The only case cited by the plaintiff is Railway Advertising Co. v. Posner (35 Misc. 285). The facts of that case were of a somewhat similar character but hardly parallel. Under a contract dated November 26, 1899, plaintiff was to place defendant’s advertising cards in certain street cars 11 for a term of twelve months commencing Dec. 1, 1899.” Defendant had a right to discontinue at the end of three months by giving thirty days’ previous written notice. He gave an attempted notice on January 31, 1900. The *651notice was one day too late on any theory, for thirty days prior to March 1, 1900, would have been January thirtieth. On the theory that the three months began to run on November 26, 1899, he would have been still more clearly too late, so that question was not before the court, and its dictum that the contract by its terms began to run on December 1,1890, was obiter.
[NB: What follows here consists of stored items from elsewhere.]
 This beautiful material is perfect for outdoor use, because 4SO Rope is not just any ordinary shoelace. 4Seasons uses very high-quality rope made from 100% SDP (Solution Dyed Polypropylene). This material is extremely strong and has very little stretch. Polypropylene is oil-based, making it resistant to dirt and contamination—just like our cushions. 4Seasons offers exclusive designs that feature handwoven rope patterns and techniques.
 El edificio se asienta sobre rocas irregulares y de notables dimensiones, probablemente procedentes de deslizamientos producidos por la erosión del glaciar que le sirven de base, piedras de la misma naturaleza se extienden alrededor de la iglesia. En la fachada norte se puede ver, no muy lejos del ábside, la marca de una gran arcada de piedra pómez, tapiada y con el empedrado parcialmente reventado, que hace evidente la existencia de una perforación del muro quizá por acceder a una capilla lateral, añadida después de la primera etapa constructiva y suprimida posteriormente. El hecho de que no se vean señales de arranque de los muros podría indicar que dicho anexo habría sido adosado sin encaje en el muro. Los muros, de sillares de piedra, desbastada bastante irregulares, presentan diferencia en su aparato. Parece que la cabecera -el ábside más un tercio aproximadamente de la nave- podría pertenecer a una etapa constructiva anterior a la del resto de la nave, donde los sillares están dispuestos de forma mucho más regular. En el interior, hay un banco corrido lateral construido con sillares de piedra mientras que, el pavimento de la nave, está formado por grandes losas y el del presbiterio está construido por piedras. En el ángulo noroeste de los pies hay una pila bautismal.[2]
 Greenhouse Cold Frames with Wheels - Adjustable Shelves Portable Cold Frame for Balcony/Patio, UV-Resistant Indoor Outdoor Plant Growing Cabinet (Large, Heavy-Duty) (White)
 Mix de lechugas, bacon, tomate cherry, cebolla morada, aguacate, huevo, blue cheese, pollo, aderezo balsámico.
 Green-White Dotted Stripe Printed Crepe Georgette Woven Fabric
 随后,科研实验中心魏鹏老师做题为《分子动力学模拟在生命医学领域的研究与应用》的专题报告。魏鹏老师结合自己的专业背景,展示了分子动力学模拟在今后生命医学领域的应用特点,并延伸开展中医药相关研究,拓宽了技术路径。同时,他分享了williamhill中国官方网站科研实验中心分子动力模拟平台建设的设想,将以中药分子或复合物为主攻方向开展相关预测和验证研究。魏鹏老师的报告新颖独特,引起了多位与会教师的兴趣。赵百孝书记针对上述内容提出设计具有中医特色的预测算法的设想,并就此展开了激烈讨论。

But accepting it as a well-considered opinion, which on account of the eminence of the judges who rendered it I am impelled to do, it is hardly •applicable to this case. There the option to cancel was essentially interwoven with the lease of advertising space. Posner was taking it on trial and might cancel if he found it unprofitable. The lease and the option were one.
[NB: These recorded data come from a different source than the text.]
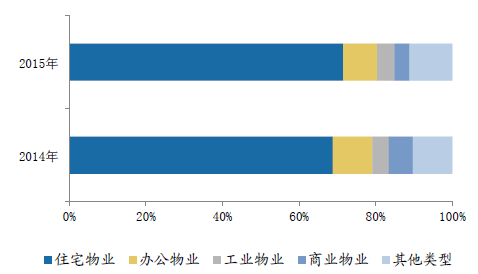 物業類型分類方面,15年百強企業住宅物業管理收入506.5億元,占物業服務費總收入的53.6%,與14年同期相比增長68.1%,是物業企業收入的基礎。辦公、商業、工業園區管理收入占比分別為22.34%、6.80%和4.75%,其中工業園區管理收入增長顯著,而辦公和商業物業收入增速都要低于住宅增長水平。
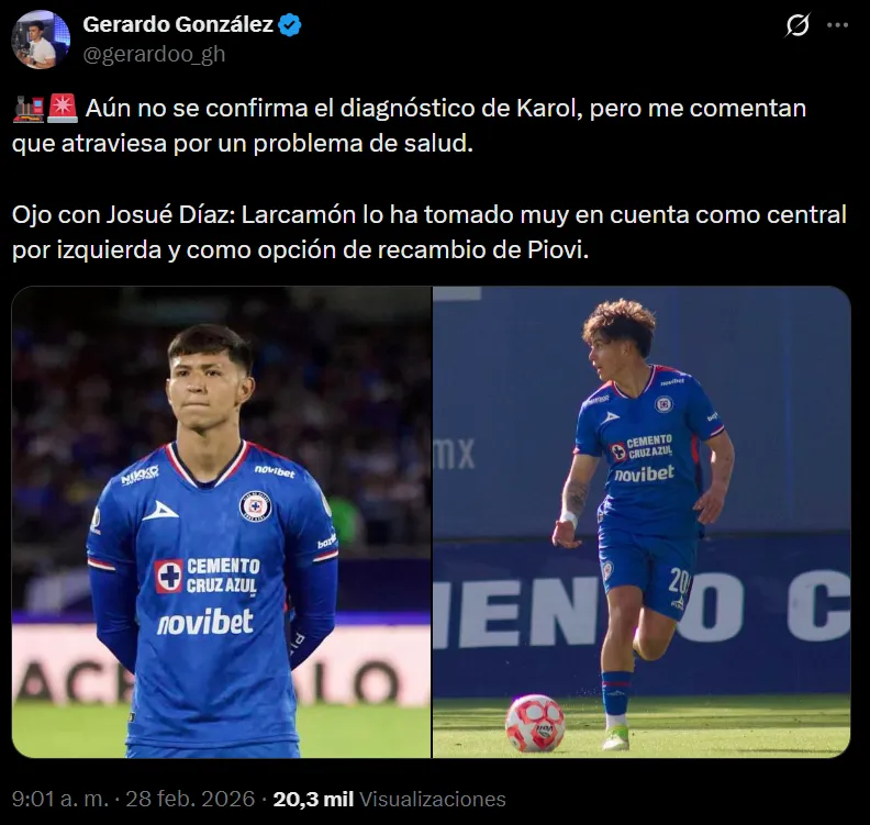 El reportero y colaborador de Vamos Azul, Gerardo González, reveló que no se ha podido confirmar con exactitud el diagnóstico del problema que estaría atentando contra la salud del futbolista de 20 años, por lo que nuevamente no sería contemplado para el duelo contra Monterrey.
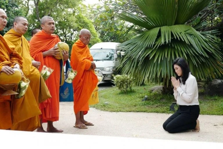 Bà Yingluck được nhìn thấy quỳ gối trước các nhà sư. Ảnh: Chiangrai Times
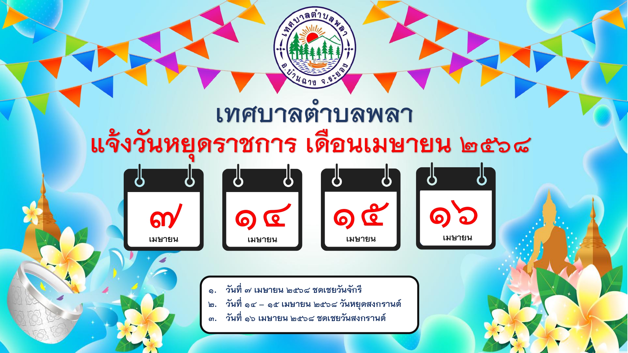 แจ้งวันหยุดราชการ เดือนเมษายน ๒๕๖๘
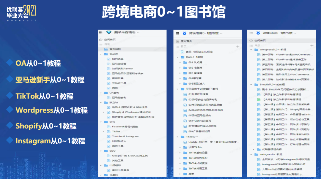 亚马逊,独立站,SEO,内容营销,Facebook广告,Google广告,网红营销,视频直播,还包括职场课程,还会不定时要求行业实战嘉宾进行分享...

It was held in Mathews Slate Co. v. New Empire Slate Co. (122 Fed. 972) that where the covenants of the lease and the option to purchase are independent, the option may be exercised, although grounds exist for a forfeiture of the lease, or even if the lease has been actually forfeited.

In the instant case the option constituted an entire contract independent of the lease, although its consideration was the signing of the lease. The option could have been exercised on March 18, 1922, by signing it on that day; in any event, it could have been exercised on the twenty-second when it was signed by the lessee or at any time prior to the thirty-first. As stated by the court in the Mathews case {supra): “ The written instrument signed by the parties * * * is divided into two parts, each complete in itself and independent of the other. First, we have a complete and perfect lease of these premises, with mutual obligations and agreements; and, second, we have a complete option for the purchase of these premises.”
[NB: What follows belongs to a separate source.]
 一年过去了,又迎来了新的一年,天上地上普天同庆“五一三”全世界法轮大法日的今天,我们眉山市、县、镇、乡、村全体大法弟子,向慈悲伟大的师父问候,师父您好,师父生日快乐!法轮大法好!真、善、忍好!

The option could easily have been made to express its meaning as to duration. If it is to be considered as ambiguous, then we may consider what was the understanding or intent of the parties. The attitude of the defendant indicates that she and Dr. Warren thought it began to run on March eighteenth. The letter of March 12, 1927, written by the secretary of the Go-Gas Company to the defendant contains this sentence: “ This option states that we have the privilege of purchasing the above-described property within five years from the date of lease * * *.” This does not necessarily reflect his understanding. It may have been written inadvertently or under a misapprehension and I do not attach too much importance to the words, but they may have a slight bearing on the question of what the lease was understood to mean.

The defendant has raised another question. The Consumers Service Station Consolidated was brought into being under a contract called a declaration of trust and existed as a business entity *652calling itself a declaration of trust. It transacted business in the State of New York without having complied with section 15 of the General Corporation Law (added by Laws of 1927, chap. 425). If it is a corporation it is a stock corporation, because it could issue certificates of shares and pay dividends (Gen. Corp. Law, § 3, subd. 2), but I am not prepared to say that it is a corporation within the meaning of section 15. Because it. prescribes ’ a penalty the section cannot be construed to mean more than is expressly stated.

Section 16-g (added by Laws of 1927, chap. 425), cited by the defendant, does not apply because it was not in effect when the lease was made or while it was in the hands of the original lessee. All the succeeding holders have complied with section 15.

Disregarding all other questions raised by the defendant I hold that the option was effective on the day it was executed and not later than March 22, 1922. The plaintiff not having effectively tendered performance within five years of that date has forfeited its rights under the option and is not entitled to the relief demanded. I have signed findings accordingly.